> [Action item]
When you reach the line that contains "在主界面的右下角能看到一个寻" in the data below, start reproducing lines exactly, and stop after the line that contains "Personal Questions, Truth, Dare, Hands".

___

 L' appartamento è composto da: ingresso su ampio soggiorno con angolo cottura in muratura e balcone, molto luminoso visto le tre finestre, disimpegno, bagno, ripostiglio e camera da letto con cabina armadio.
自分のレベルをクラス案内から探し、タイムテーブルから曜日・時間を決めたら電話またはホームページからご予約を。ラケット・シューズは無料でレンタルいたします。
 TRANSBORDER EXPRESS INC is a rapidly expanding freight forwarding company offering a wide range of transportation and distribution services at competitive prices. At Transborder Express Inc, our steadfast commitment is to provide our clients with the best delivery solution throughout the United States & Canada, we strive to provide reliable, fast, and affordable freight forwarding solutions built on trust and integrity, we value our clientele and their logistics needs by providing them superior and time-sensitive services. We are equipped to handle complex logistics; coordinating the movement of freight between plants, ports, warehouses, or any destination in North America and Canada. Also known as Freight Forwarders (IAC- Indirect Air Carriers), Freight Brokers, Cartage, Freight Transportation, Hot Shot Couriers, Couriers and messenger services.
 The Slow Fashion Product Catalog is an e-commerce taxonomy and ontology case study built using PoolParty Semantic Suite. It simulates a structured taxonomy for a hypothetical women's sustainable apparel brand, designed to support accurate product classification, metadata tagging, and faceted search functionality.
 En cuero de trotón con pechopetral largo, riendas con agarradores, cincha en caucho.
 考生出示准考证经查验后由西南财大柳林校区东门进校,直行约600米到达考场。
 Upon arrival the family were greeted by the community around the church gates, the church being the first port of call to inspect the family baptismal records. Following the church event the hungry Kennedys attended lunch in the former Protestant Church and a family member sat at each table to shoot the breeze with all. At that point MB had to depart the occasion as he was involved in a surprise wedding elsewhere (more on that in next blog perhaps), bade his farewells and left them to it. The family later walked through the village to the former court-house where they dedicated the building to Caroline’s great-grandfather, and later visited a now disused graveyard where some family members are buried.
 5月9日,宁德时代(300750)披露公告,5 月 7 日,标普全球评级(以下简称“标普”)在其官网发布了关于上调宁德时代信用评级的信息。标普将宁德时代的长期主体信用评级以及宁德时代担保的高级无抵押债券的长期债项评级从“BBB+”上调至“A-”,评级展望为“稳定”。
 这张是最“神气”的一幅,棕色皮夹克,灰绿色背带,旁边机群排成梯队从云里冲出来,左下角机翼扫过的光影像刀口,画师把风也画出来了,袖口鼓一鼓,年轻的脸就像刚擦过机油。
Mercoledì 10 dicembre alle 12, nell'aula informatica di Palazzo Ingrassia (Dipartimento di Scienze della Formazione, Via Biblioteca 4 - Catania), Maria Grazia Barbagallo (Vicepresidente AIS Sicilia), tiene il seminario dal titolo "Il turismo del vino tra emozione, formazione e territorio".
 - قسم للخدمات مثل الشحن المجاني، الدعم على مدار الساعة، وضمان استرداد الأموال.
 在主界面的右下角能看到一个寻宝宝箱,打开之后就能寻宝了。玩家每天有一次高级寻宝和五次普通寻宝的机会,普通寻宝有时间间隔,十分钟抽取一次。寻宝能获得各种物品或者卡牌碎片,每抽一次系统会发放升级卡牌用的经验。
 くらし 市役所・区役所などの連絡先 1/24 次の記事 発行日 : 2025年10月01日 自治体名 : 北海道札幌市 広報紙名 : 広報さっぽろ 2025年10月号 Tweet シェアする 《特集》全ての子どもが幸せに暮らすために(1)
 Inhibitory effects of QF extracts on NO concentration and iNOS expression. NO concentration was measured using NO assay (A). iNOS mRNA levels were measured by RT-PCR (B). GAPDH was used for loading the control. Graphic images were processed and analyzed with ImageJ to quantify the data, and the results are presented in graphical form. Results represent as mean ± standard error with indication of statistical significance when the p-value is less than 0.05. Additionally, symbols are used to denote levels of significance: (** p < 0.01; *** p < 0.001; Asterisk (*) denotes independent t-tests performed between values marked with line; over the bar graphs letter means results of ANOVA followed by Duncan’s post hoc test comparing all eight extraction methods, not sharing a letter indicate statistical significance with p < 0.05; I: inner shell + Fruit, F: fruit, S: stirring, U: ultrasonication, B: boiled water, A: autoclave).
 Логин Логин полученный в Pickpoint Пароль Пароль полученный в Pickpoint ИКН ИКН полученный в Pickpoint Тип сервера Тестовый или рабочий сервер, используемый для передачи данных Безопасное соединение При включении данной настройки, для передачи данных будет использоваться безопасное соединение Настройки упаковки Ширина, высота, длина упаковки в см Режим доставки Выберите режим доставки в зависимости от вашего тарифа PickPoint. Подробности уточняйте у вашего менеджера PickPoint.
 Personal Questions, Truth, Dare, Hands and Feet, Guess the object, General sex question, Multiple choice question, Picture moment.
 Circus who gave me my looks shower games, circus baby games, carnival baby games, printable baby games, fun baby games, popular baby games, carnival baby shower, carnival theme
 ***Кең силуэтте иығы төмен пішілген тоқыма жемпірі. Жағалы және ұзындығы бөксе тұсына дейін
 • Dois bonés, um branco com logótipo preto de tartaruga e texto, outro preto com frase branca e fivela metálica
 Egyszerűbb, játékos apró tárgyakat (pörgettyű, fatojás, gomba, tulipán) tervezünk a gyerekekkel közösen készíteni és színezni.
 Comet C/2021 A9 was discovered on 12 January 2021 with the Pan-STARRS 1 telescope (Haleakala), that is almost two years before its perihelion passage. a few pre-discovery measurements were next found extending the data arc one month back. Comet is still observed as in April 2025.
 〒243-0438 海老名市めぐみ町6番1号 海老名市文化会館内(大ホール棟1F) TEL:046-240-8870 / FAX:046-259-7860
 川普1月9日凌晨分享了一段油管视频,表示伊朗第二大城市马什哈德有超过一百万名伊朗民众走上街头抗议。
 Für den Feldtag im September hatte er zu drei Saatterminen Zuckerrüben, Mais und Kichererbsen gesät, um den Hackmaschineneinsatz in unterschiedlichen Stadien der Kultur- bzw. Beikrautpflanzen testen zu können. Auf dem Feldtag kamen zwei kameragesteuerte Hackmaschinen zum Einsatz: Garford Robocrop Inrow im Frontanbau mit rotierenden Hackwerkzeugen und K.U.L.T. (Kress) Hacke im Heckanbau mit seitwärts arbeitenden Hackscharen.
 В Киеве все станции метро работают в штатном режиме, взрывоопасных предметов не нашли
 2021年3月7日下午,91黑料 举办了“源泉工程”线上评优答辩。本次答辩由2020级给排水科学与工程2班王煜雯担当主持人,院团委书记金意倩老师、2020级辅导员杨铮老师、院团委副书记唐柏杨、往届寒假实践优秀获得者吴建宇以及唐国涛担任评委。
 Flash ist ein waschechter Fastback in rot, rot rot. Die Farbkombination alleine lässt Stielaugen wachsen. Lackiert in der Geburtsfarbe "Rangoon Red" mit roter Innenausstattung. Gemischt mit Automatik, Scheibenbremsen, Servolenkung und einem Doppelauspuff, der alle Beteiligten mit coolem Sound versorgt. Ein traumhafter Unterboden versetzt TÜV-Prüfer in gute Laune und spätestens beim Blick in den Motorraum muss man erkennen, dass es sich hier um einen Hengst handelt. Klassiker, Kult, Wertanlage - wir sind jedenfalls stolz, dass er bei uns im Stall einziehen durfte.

___

> [Completed exercise]
 在主界面的右下角能看到一个寻宝宝箱,打开之后就能寻宝了。玩家每天有一次高级寻宝和五次普通寻宝的机会,普通寻宝有时间间隔,十分钟抽取一次。寻宝能获得各种物品或者卡牌碎片,每抽一次系统会发放升级卡牌用的经验。
 くらし 市役所・区役所などの連絡先 1/24 次の記事 発行日 : 2025年10月01日 自治体名 : 北海道札幌市 広報紙名 : 広報さっぽろ 2025年10月号 Tweet シェアする 《特集》全ての子どもが幸せに暮らすために(1)
 Inhibitory effects of QF extracts on NO concentration and iNOS expression. NO concentration was measured using NO assay (A). iNOS mRNA levels were measured by RT-PCR (B). GAPDH was used for loading the control. Graphic images were processed and analyzed with ImageJ to quantify the data, and the results are presented in graphical form. Results represent as mean ± standard error with indication of statistical significance when the p-value is less than 0.05. Additionally, symbols are used to denote levels of significance: (** p < 0.01; *** p < 0.001; Asterisk (*) denotes independent t-tests performed between values marked with line; over the bar graphs letter means results of ANOVA followed by Duncan’s post hoc test comparing all eight extraction methods, not sharing a letter indicate statistical significance with p < 0.05; I: inner shell + Fruit, F: fruit, S: stirring, U: ultrasonication, B: boiled water, A: autoclave).
 Логин Логин полученный в Pickpoint Пароль Пароль полученный в Pickpoint ИКН ИКН полученный в Pickpoint Тип сервера Тестовый или рабочий сервер, используемый для передачи данных Безопасное соединение При включении данной настройки, для передачи данных будет использоваться безопасное соединение Настройки упаковки Ширина, высота, длина упаковки в см Режим доставки Выберите режим доставки в зависимости от вашего тарифа PickPoint. Подробности уточняйте у вашего менеджера PickPoint.
 Personal Questions, Truth, Dare, Hands and Feet, Guess the object, General sex question, Multiple choice question, Picture moment.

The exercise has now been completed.